Nearby there was a small explosion, and almost as one she and Theo winced and turned toward the sound, her brother finally dropping that other foot for balance. One of the older men had just fired the panzerfaust. The red star was completely untouched, but she thought one of the tombstones-easily twenty meters to the right of the target-had been obliterated. When she looked back at the SS soldier before her, he was rolling his eyes in disgust.
“And that's what's going to save the Fatherland. Please. Heaven protect us all,” he said, and he placed Manfred's pistol back in her palm and returned to her both the Emmerichs' and Sonje's papers. Then he looked at their wagons, his hands on his hips, and paused.

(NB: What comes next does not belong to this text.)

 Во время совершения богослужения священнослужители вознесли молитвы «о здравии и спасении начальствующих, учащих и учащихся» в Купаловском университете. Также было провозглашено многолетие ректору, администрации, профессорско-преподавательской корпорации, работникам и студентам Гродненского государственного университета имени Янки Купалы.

“May we continue?” she asked him.
He ignored her as if he had a sudden, more pressing thought, and marched over to Waldau. Waldau and Ragnit were leading one cart-the one in which Callum was hidden-and Balga the other. He ran his fingers along the animal's velvetine cannon of a shoulder. “I see you have two wagons and three horses. I hate to do this to you, but I don't have a choice: I'm going to have to confiscate one of your animals. But they look like good, strong pullers: You'll still have a horse for each wagon,” he said, and then he motioned for the soldier beside him-a studious-looking fellow with round eye-glasses who was no older than Werner, Anna guessed, but with an oddly weathered face for a man so young-to remove the harness linking the horse nearest him from the wagon. Instantly her mother and Sonje glanced at her, and she could see the alarm in their faces. It wasn't, she sensed, merely the reality that they were about to lose a second horse that was troubling them. Certainly Mutti had to know that Ragnit was capable of pulling the wagon away from this checkpoint on his own, even with the added weight of the parastrooper buried beneath the bags of oats. She looked back at them, trying to understand what, suddenly, had them so unnerved.

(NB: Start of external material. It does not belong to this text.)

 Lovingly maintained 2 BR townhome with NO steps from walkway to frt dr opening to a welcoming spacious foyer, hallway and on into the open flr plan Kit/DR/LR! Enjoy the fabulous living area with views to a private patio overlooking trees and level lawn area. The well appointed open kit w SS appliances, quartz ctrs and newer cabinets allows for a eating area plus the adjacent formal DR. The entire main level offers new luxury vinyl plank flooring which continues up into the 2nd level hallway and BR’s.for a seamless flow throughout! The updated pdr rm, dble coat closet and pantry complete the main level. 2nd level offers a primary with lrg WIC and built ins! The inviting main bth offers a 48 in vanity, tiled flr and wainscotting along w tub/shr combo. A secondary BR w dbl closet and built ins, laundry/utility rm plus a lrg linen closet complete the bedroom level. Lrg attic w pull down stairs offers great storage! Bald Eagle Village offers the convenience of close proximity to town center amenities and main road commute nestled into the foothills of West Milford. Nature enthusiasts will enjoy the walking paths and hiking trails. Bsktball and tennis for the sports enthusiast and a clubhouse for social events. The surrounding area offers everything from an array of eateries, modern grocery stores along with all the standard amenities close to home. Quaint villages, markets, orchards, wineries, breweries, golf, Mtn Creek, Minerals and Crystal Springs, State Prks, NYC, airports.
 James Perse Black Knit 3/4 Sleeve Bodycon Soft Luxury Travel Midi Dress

“That's Waldau,” Theo was saying to the men. “He's named for a castle.” Her brother's voice had a quiver to it that Anna recognized. This was his favorite horse, other than that pony of his they had left behind at Kaminheim, and he was trying hard to keep from crying.
“I know the castle,” the soldier with the spectacles was saying patiently, and something about the tenderness in his tone made her wonder if it was possible that he was old enough to have children of his own. He pulled off his gloves so he could more easily manage the buckles on the bridle and the reins and the leather suspenders that fell across the animal's neck and chest. “I know precisely where it is in Prussia.”
“We've already lost Labiau,” Theo continued, as he watched the soldier begin to unhitch the horse.
“Ah, another castle,” he remarked.
“He was killed by a plane that strafed our column,” the boy added, and Anna found herself mesmerized by her brother's resilience, by the way he was holding back his tears even now. And so before she knew quite what she was going to say or do, she was pointing at Balga and suggesting to the soldier, “Would you please take this animal instead?”
The soldier paused and shrugged. His partner, the one who had examined their papers, went over to Balga and eyed him more closely. “You realize, don't you, that I could take all three of your horses,” he said, a statement, not a question.
“I do know, yes.”
“Well, then: Why this one?” he asked. “Is there a problem with him I'm missing? If he's dragging this wagon on his own, he must be quite some animal.”
“He's my horse,” she said simply. “That's why. The first one you picked is a favorite of my little brother. He's already had to leave his pony behind. If possible, I'd like him to keep this animal in his life. He's lost so much else.”